About this task =>
The stretch wanted below opens at the line containing "MILLET男式冲锋衣 MIV9708 FITZ R K 3L J M" and closes at the line containing "Colgate Optic White". Please return it exactly, with no other lines.

Information =>
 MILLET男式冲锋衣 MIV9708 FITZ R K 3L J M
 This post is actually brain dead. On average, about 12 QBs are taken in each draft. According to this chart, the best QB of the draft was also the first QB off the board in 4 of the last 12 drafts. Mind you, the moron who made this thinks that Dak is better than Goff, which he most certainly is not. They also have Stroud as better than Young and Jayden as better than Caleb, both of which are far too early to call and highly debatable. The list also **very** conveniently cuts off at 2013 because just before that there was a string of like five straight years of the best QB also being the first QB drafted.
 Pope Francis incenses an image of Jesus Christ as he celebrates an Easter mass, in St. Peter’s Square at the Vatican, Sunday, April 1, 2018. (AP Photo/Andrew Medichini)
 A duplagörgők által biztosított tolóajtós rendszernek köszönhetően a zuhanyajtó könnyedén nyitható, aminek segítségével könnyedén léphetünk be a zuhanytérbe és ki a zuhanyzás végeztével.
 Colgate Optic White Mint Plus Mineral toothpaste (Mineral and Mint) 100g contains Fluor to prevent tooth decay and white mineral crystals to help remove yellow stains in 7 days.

* * *

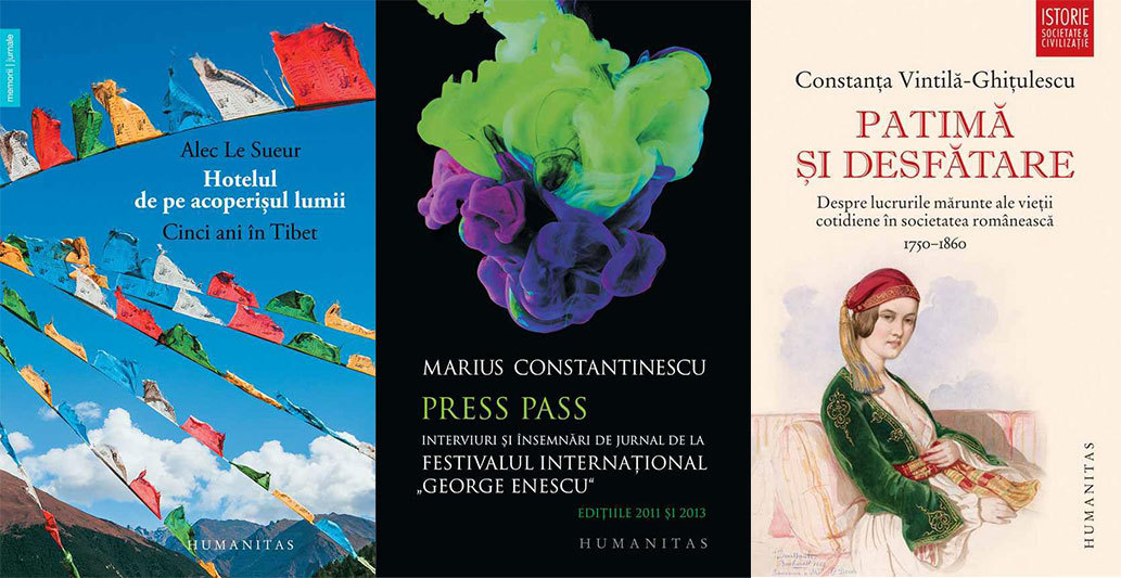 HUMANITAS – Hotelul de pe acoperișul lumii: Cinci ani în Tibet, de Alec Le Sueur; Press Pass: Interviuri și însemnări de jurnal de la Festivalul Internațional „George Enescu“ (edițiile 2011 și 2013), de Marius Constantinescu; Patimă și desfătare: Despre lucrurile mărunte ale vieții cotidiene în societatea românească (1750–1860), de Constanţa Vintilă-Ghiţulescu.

* * *

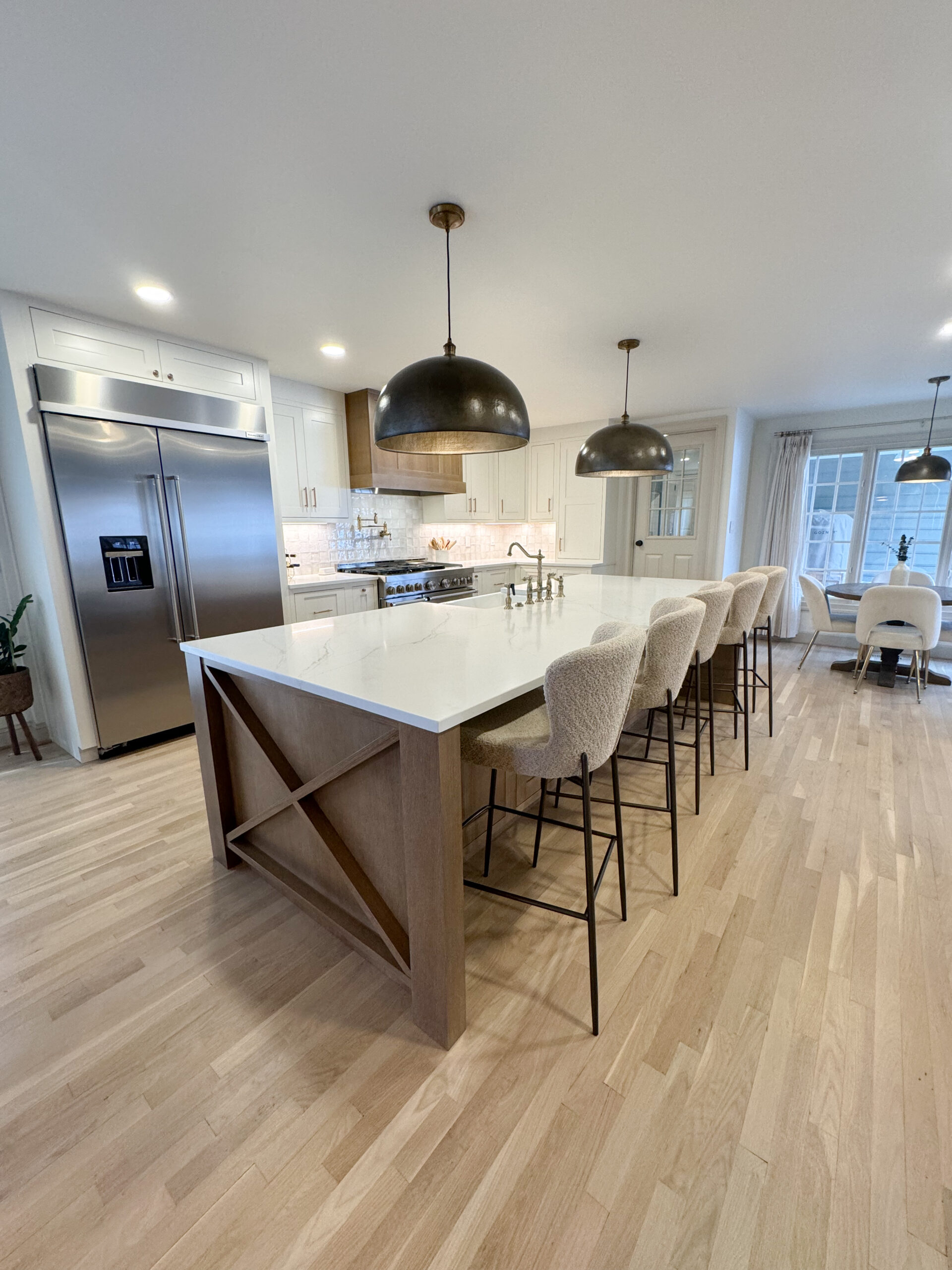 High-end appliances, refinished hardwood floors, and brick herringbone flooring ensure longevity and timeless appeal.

Answer below =>
 MILLET男式冲锋衣 MIV9708 FITZ R K 3L J M
 This post is actually brain dead. On average, about 12 QBs are taken in each draft. According to this chart, the best QB of the draft was also the first QB off the board in 4 of the last 12 drafts. Mind you, the moron who made this thinks that Dak is better than Goff, which he most certainly is not. They also have Stroud as better than Young and Jayden as better than Caleb, both of which are far too early to call and highly debatable. The list also **very** conveniently cuts off at 2013 because just before that there was a string of like five straight years of the best QB also being the first QB drafted.
 Pope Francis incenses an image of Jesus Christ as he celebrates an Easter mass, in St. Peter’s Square at the Vatican, Sunday, April 1, 2018. (AP Photo/Andrew Medichini)
 A duplagörgők által biztosított tolóajtós rendszernek köszönhetően a zuhanyajtó könnyedén nyitható, aminek segítségével könnyedén léphetünk be a zuhanytérbe és ki a zuhanyzás végeztével.
 Colgate Optic White Mint Plus Mineral toothpaste (Mineral and Mint) 100g contains Fluor to prevent tooth decay and white mineral crystals to help remove yellow stains in 7 days.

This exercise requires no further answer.